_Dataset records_
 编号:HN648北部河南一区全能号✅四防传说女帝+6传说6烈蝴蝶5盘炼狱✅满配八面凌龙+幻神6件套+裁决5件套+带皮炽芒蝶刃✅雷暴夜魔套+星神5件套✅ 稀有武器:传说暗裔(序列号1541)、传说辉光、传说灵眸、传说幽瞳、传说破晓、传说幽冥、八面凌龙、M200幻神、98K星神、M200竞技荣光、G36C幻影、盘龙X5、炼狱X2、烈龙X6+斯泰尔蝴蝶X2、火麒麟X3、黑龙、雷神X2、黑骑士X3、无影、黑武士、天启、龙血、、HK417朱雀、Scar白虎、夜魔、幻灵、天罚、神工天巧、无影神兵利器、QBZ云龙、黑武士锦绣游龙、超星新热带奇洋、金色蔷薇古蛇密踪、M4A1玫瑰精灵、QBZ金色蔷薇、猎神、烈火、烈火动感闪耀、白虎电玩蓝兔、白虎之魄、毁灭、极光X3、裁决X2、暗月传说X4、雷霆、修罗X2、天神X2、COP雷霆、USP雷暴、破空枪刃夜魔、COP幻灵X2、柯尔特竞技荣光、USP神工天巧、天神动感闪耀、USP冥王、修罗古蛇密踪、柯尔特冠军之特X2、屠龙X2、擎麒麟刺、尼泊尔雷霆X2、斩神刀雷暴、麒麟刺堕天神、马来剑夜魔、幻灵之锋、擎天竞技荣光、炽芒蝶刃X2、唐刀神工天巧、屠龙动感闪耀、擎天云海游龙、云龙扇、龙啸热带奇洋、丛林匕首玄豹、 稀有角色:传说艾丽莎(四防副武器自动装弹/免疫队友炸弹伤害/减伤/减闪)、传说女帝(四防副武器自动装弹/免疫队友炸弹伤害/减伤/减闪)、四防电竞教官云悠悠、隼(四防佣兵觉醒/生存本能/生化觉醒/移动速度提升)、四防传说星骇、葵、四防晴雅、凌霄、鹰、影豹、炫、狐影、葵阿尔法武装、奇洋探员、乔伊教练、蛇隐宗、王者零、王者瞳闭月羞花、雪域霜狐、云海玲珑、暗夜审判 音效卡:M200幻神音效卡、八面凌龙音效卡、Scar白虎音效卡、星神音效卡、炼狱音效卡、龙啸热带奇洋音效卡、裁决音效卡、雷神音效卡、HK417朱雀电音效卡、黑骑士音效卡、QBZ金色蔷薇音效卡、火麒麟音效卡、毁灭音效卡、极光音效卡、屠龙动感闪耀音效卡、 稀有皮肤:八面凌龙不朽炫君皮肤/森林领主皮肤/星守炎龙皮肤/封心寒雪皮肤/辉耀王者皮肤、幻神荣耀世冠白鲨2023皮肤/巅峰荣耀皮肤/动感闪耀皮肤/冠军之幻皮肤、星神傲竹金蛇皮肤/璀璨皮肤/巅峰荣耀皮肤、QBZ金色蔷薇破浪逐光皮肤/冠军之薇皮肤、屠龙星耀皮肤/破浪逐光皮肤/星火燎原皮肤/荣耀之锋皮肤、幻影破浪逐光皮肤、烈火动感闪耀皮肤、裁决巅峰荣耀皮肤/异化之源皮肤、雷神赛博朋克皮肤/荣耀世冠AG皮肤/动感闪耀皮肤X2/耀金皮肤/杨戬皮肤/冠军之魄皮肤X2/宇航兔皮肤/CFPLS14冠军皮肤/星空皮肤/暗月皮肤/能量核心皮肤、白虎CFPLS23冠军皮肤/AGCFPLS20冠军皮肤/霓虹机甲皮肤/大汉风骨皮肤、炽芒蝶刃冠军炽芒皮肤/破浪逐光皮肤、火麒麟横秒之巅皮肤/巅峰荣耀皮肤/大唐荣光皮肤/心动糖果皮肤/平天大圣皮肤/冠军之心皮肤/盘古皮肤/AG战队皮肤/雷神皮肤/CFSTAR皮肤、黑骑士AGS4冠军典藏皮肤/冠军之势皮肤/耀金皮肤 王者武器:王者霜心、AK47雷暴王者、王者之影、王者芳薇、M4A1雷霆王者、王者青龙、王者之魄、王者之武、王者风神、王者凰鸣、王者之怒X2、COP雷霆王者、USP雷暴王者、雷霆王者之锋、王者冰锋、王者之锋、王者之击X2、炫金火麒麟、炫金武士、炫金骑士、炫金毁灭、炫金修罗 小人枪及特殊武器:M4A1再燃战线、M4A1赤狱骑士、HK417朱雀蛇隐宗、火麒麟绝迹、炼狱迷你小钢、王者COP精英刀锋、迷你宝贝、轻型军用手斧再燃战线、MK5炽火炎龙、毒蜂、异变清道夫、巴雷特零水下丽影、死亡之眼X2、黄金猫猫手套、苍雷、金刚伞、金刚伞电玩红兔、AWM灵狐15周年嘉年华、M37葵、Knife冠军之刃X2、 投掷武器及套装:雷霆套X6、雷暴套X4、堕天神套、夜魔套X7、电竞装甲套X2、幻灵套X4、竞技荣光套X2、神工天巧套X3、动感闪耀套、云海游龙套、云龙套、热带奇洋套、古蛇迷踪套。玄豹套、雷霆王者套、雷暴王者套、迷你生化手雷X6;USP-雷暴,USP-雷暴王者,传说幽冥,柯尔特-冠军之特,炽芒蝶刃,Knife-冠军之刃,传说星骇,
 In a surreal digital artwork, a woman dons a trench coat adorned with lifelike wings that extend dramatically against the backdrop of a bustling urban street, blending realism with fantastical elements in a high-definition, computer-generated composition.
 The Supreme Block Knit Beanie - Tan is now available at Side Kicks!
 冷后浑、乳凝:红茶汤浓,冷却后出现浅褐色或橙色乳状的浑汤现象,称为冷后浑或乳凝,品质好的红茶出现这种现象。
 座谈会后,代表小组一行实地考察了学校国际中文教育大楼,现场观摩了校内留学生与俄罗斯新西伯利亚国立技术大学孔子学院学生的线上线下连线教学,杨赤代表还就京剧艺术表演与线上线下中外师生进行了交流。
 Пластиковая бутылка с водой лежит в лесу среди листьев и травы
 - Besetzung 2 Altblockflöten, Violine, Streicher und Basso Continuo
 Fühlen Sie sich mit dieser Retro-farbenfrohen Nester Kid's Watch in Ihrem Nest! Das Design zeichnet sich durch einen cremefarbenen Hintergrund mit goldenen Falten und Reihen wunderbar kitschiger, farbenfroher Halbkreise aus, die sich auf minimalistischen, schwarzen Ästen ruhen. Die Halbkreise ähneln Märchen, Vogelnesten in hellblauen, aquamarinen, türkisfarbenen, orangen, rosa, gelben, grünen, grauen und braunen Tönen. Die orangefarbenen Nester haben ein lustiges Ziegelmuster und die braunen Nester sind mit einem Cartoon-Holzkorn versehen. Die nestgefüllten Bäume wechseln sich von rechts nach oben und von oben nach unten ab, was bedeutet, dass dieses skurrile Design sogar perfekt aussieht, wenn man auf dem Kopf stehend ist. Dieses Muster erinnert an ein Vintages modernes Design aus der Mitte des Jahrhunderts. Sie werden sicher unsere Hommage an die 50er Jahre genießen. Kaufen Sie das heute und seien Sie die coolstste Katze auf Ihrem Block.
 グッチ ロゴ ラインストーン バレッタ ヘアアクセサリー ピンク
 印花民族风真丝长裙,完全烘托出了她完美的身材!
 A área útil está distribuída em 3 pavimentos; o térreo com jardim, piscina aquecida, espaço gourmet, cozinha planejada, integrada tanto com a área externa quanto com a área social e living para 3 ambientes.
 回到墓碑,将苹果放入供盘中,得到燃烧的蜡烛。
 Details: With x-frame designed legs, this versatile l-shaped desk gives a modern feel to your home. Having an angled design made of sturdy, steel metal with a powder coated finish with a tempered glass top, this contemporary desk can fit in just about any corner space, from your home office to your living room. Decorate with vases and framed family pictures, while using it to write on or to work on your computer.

_What you need to do_
Your task is to retype the entries verbatim, starting with the line that holds "座谈会后,代表小组一行实地考" and stopping after the line that holds "印花民族风真丝长裙,完全烘托出了她完美的身材!".

_Answer to the problem_
 座谈会后,代表小组一行实地考察了学校国际中文教育大楼,现场观摩了校内留学生与俄罗斯新西伯利亚国立技术大学孔子学院学生的线上线下连线教学,杨赤代表还就京剧艺术表演与线上线下中外师生进行了交流。
 Пластиковая бутылка с водой лежит в лесу среди листьев и травы
 - Besetzung 2 Altblockflöten, Violine, Streicher und Basso Continuo
 Fühlen Sie sich mit dieser Retro-farbenfrohen Nester Kid's Watch in Ihrem Nest! Das Design zeichnet sich durch einen cremefarbenen Hintergrund mit goldenen Falten und Reihen wunderbar kitschiger, farbenfroher Halbkreise aus, die sich auf minimalistischen, schwarzen Ästen ruhen. Die Halbkreise ähneln Märchen, Vogelnesten in hellblauen, aquamarinen, türkisfarbenen, orangen, rosa, gelben, grünen, grauen und braunen Tönen. Die orangefarbenen Nester haben ein lustiges Ziegelmuster und die braunen Nester sind mit einem Cartoon-Holzkorn versehen. Die nestgefüllten Bäume wechseln sich von rechts nach oben und von oben nach unten ab, was bedeutet, dass dieses skurrile Design sogar perfekt aussieht, wenn man auf dem Kopf stehend ist. Dieses Muster erinnert an ein Vintages modernes Design aus der Mitte des Jahrhunderts. Sie werden sicher unsere Hommage an die 50er Jahre genießen. Kaufen Sie das heute und seien Sie die coolstste Katze auf Ihrem Block.
 グッチ ロゴ ラインストーン バレッタ ヘアアクセサリー ピンク
 印花民族风真丝长裙,完全烘托出了她完美的身材!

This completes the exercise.